BEGIN AVAILABLE RECORDS

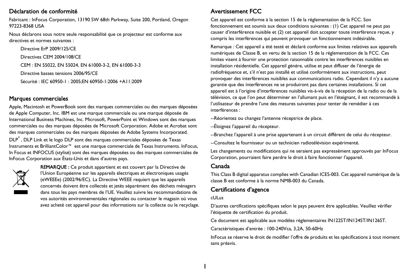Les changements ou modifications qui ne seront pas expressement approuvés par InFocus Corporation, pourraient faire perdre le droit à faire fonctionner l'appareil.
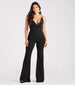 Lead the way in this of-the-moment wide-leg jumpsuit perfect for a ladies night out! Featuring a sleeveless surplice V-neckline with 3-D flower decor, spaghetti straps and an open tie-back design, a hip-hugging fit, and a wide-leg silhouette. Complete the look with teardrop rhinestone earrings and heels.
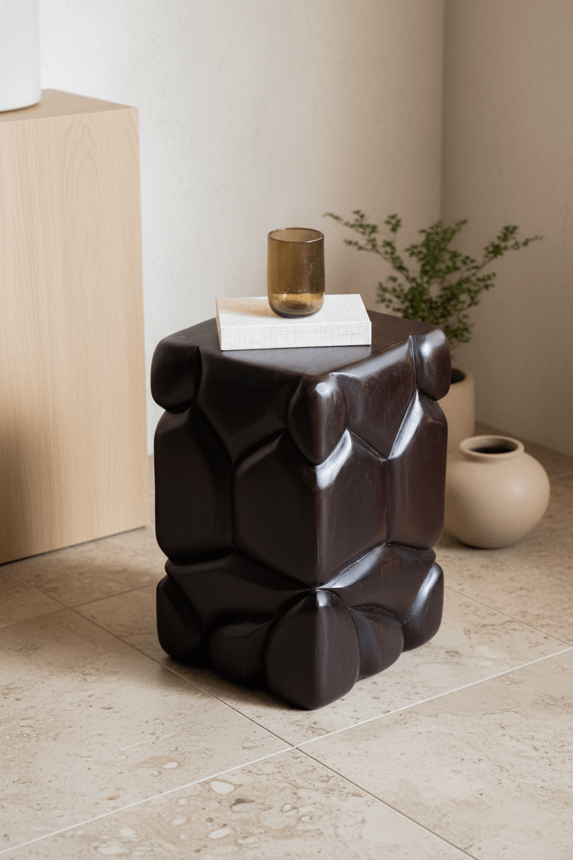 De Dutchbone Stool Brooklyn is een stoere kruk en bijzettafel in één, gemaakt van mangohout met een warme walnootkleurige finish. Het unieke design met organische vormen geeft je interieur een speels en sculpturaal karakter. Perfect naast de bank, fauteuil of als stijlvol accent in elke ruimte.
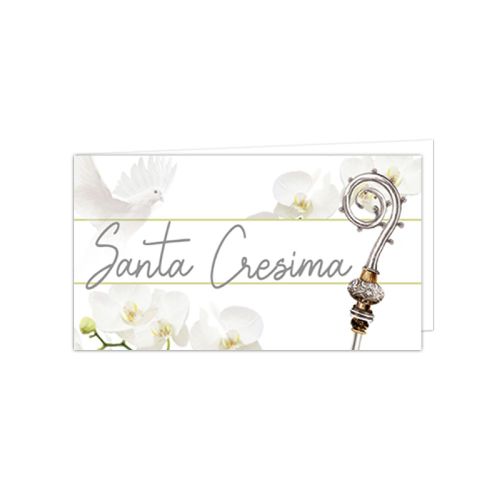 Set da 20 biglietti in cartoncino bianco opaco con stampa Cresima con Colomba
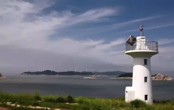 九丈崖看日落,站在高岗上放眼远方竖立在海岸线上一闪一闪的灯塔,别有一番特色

END AVAILABLE RECORDS

AIM OF THE TASK » Retype the data exactly as it stands, but keep the images out of your copy.

ANSWER TO THIS TASK »
Les changements ou modifications qui ne seront pas expressement approuvés par InFocus Corporation, pourraient faire perdre le droit à faire fonctionner l'appareil.
 Lead the way in this of-the-moment wide-leg jumpsuit perfect for a ladies night out! Featuring a sleeveless surplice V-neckline with 3-D flower decor, spaghetti straps and an open tie-back design, a hip-hugging fit, and a wide-leg silhouette. Complete the look with teardrop rhinestone earrings and heels.
 De Dutchbone Stool Brooklyn is een stoere kruk en bijzettafel in één, gemaakt van mangohout met een warme walnootkleurige finish. Het unieke design met organische vormen geeft je interieur een speels en sculpturaal karakter. Perfect naast de bank, fauteuil of als stijlvol accent in elke ruimte.
 Set da 20 biglietti in cartoncino bianco opaco con stampa Cresima con Colomba
 九丈崖看日落,站在高岗上放眼远方竖立在海岸线上一闪一闪的灯塔,别有一番特色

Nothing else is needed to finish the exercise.